Project description:There are competing explanations for persistent postoperative seizures after temporal lobe surgery. One is that 1 or more particular subtypes of mesial temporal lobe epilepsy (mTLE) exist that are particularly resistant to surgery. We sought to identify a common brain structural and connectivity alteration in patients with persistent postoperative seizures using preoperative quantitative magnetic resonance imaging and diffusion tensor imaging (DTI).We performed a series of studies in 87 patients with mTLE (47 subsequently rendered seizure free, 40 who continued to experience postoperative seizures) and 80 healthy controls. We investigated the relationship between imaging variables and postoperative seizure outcome. All patients had unilateral temporal lobe seizure onset, had ipsilateral hippocampal sclerosis as the only brain lesion, and underwent amygdalohippocampectomy.Quantitative imaging factors found not to be significantly associated with persistent seizures were volumes of ipsilateral and contralateral mesial temporal lobe structures, generalized brain atrophy, and extent of resection.
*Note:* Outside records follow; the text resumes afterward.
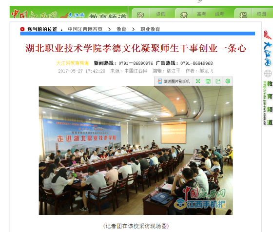 中国江西网讯 记者邹龙飞报道:5月26日,“匠心育人高职榜样——全国主流融媒体湖北特色高职行”来到风光秀丽的鱼米之乡、中华孝文化名城——孝感,走进位于该市的九州线上平台,近距离了解了这所多年来实行孝德校园文化以及涌现“道德群星”现象、具有60多年办学历史的国家示范性特色高职。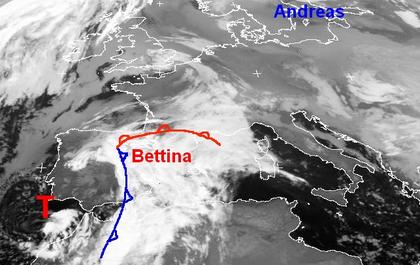 Das Hoch „Andreas“ mit Zentrum über Skandinavien und Nordwestrussland bleibt weiterhin wetterbestimmend in weiten Teilen Mittel-, Ost- und Nordeuropas mit kalter Luft, neben Nebel und Hochnebel kann es hier und da auch auflockern, auf dem Satellitenbild vom Samstagmorgen sind teilweise die Alpen zu erkennen. Über der Iberischen Halbinsel liegt das Tief „Bettina“, Wolken seines Frontensystems reichen von Frankreich bis nach Marokko und Nordalgerien, im hohen Atlasgebirge kann es sogar schneien. Weiter westlich über dem Atlantik wirbelt sich ein neues Tiefdruckgebiet auf, man kann es an einer Wolkenspirale erkennen.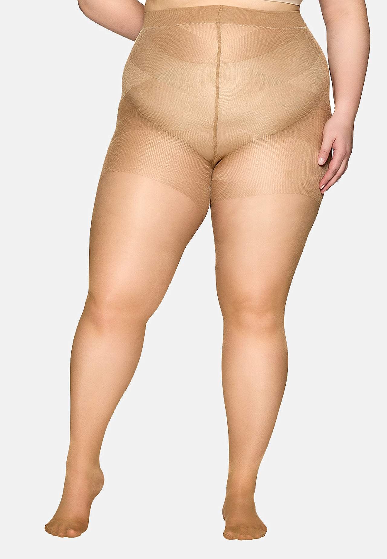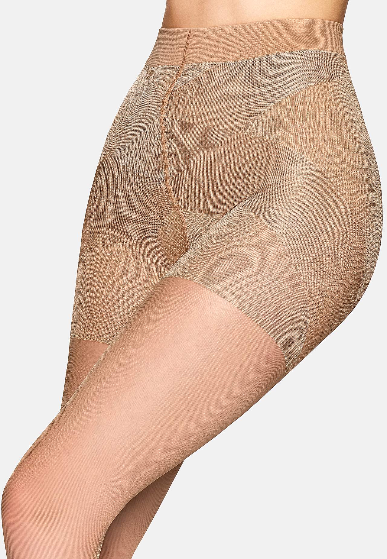 Designet til en mere kurvet kropsform. Forstærket omkring talje, bagdel og lår. Komfortabel høj talje. Bomuldsforet skridt. Semimat afslutning. Forstærket tå og hæl. 40 denier.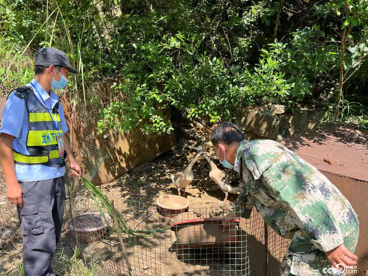 因为鹅对外界声音的敏感性较高,因此边防卡哨常常可见鹅的身影。图为凌赐成(左)和凌天忠(右)在卡点喂鹅。 孙晓媛/摄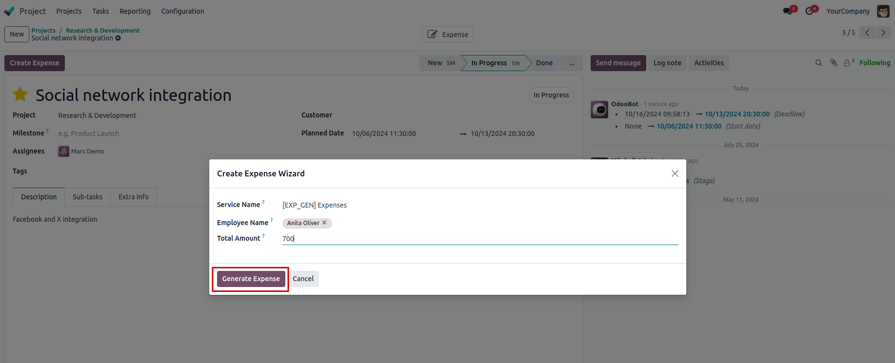 After installation, open the project task from which you want to create an expense. You will find an option to create expenses within the task view. Fill in the necessary details and save.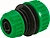 Ремонтная муфта-переходник LUX-TOOLS с отверстиями 1/2 дюйма и 3/4 дюйма предназначена для соединения двух шлангов разных диаметров с целью увеличения дальности полива.
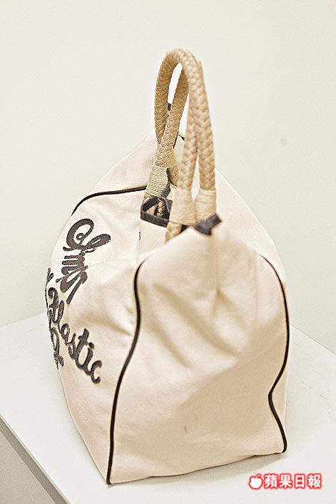 全城大熱的AnyaHindmarch環保袋,長約12吋、寬約7吋半、高約12吋,袋內全無間隔,容量十足,是名副其實的購物袋。香港版全袋以米白色帆布製作,雖然只賣120元,但把手以金屬圈配麻繩,袋邊還包上深灰色布邊,上面的「I'mNOTAPlasticbag」字樣,以灰布剪出縫在袋面上,頗花心思及手工。

There were nonsignificant trends for larger amygdala and entorhinal resections to be associated with improved outcome. However, patients with persistent seizures had significant atrophy of bilateral dorsomedial and pulvinar thalamic regions, and significant alterations of DTI-derived thalamotemporal probabilistic paths bilaterally relative to those patients rendered seizure free and controls, even when corrected for extent of mesial temporal lobe resection.Patients with bihemispheric alterations of thalamotemporal structural networks may represent a subtype of mTLE that is resistant to temporal lobe surgery. Increasingly sensitive multimodal imaging techniques should endeavor to transform these group-based findings to individualize prediction of patient outcomes.